Also, with Greg, began testing D2009 test apps on Darwine. It seems that the Kronenberg download of Darwine (which is at 1.0.1, the same as the Ubuntu version) works perfectly as long as you run your apps from the command line using the wine binary; if you try to use his WineHelper app, they blow up. What this means is that Wine works great on OSX (we even tested with Japanese GUI strings), so we have a viable platform, but we don't have a user-friendly Wine front-end for Mac users. That may change over time, but in any case we can provide a script-based installer that would put the app in the right place, and then create shortcuts that would run it properly. So all three platforms are a go.
More progress porting my code to D2009:
- Ported the Preferences unit and dialog box, in the process creating a Transformer replace sequence that does most of the work on PAS and DFM files.
- Built a test app for Preferences, and tested it.
- Built a universal test app for all my libraries; as each is ported, it'll be added to the universal app, and be tested automatically.
- Tested Unicode (with Japanese) in GUI translation system. Works great.
- Tested the same thing, along with Preferences, in Wine -- again, it works a treat!
I've also, finally, downloaded and built the Help file updates, so I have a working help file. Not that it's much use, in practice.
Ported the translation code, which again proved a little simpler than expected; the test application is working like a charm. The only unexpected thing was that although I thought I'd be looking for properties which were tkString (previously tkWideString), it turns out that I needed tkUString; presumably the TypInfo.pas unit is not quite as "Unicode-everywhere" as the rest of the VCL and RTL. My guess is that this is a result of its hooking into Windows fairly closely, so being dependent on Windows types rather than Delphi types, so tkString has some specific relationship to a Windows string type.

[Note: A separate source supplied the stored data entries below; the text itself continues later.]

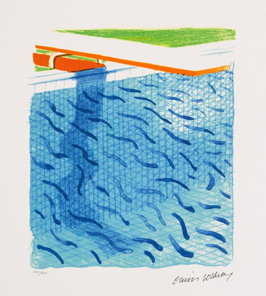 David Hockney (d'après) "Pool" édition limitée à 200 exemplaires, lithographie offset, planche signée en bas à droite, numérotée au crayon en bas à gauche 144/200, papier coton épais, avec tampon en relief SPADEM, Paris, format feuille 35 x 50cm, sans documentation supplémentaire, vendue sans cadre ; nous offrons l'expédition interne, si l'acheteur remporte plusieurs articles, nous combinerons l'expédition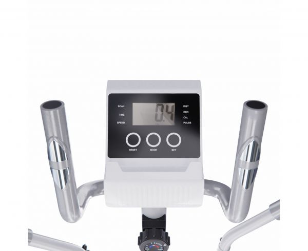 Консоль тренажёра оснащена монохромным LCD-дисплеем, который показывает скан, время, расстояние, калории, скорость, пульс и общую дистанцию. Сенсорные датчики на поручнях позволяют контролировать пульс во время тренировки. Консоль работает от двух батареек типа AA, которые не входят в комплект поставки. Эллипсоид – это отличный способ вести здоровый образ жизни. Эллипс помогает вести активный образ жизни всем членам семьи.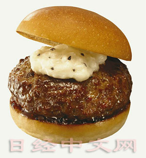 | 日本乐天利将推出的“黑毛和牛排汉堡(双层松露沙司)” |
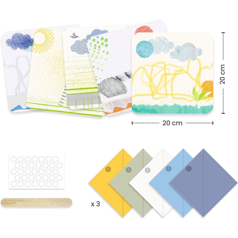 Contenu : 15 feuilles de papier origami, 5 décors, des stickers mousse double-face et 1 livret explicatif.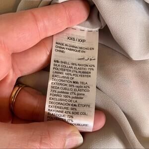 WHBM white floral burnout sheer top. Sheer material with velvety floral design. Body is fully lined and arms are sheer. Elastic neckline - can also be worn off shoulder. Elastic tie sleeve cuffs. Curved hemline. Size XXS. NWT. Has one tiny snag as shown.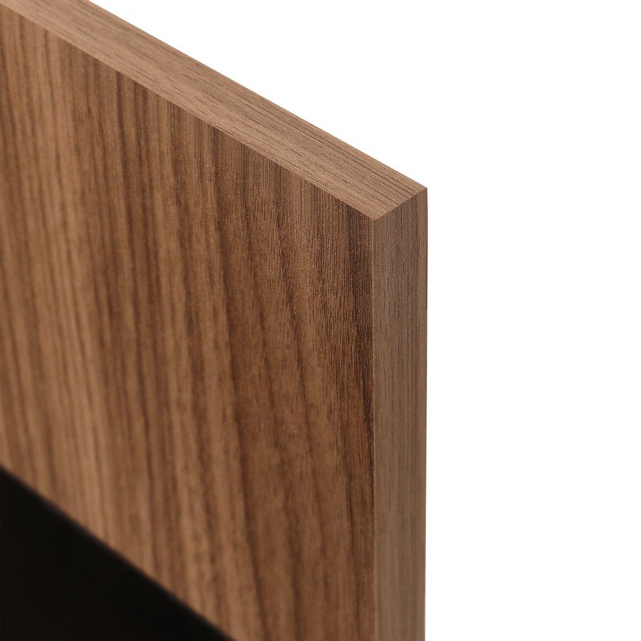 Mensola da parete, colore noce e nero con lavorazione blister cannettata. Dimensioni (LxPxA): 110x20x25 cm. Materiale legno melaminico Sp.18 mm.

Simplified the FormState library so that it only uses XML files, and also added a new feature so that non-modal forms can be shown at start-up if they were showing at shutdown.

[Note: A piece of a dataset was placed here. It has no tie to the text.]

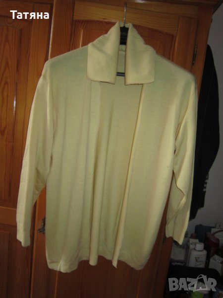 Снимка 14 НОВА бледожълта 100% вълна и кашмир.Може да се носи свободно като сако,а също и с подходящ аксесоар или колан за прихващане по тялото.Цена -20 € ; /70;96;52/см
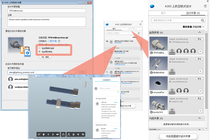 在 Inventor 2016 R3 中添加了设计共享功能,以便于您的团队以及其他项目协作者可在任何位置通过任何设备进行设计审查。Inventor 2017 中的一些增强功能实现更快、更轻松的协作。现在可以在 Inventor 中直接查看和管理协作者和反馈。新的控件使您不仅可以共享模型图形,还可以共享零件特性和零件名称,从而进行更加详细的审查。

Next, the translation code...
Ported several libraries to D2009 today, including GenFunctions, SplashAbout, VersionInfo, Icons, and FileOverwriteConfirm, and I'm beginning work on FormState, which requires several of the others. Everything is going very smoothly indeed so far.
The next iteration of Transformer needs to get rid of its dependence on the buggy TURESearch component from jclUnicode.pas, which has serious issues. I've been searching for ages for a decent open-source alternative, and now I think I've found one. It requires Delphi 2009, but that's on order (I think), and I do need a relatively straightforward project with which to pilot a move to D2009; Transformer is probably that project. This would be the migration path:
- Get D2009 installed and working.
- Create a new projects tree.
- Migrate Transformer files into it, along with other key libraries from my current tree (such as Batch, Translate, etc.).
- Install XDOM 4.2 (or ADOM, if that's the current name of the appropriate version), and Project JEDI JCL and JVCL.
- For each sub-project (Batch, Preferences, Translate, FormState, SplashAbout, RecentFiles...), create a new test/dev app in which to develop it.
- For each sub-project, remove all TNT dependencies, and rationalize all dependent code so that Unicode strings are now used. Pay special attention to any SystemFunctions, FileFunctions and StringFunctions code which may be invoked. It may be necessary to start a new version of each of those files, into which we only add functions that we turn out to need.
- Once all the dependent projects are working, bring in Transformer and strip out TNT from that.
- Get the PERL RegExp wrapper package and install that in Delphi.
- Rewrite the string replace code based on it.
- Once everything is working, think about adding the XSLT support through libxml, as in IMT.
The port of the huge GRS database from Filemaker to LAMP requires some data massage, so Greg and I wrote a bit of JS in Transformer to do some of it. This threw up again the limitations of the Transformer regexp setup -- I really need to work on that, by moving the regexp option out of the replacement transform, and making instead a wizard for adding a regexp operation as a JavaScript transform. But there's no time...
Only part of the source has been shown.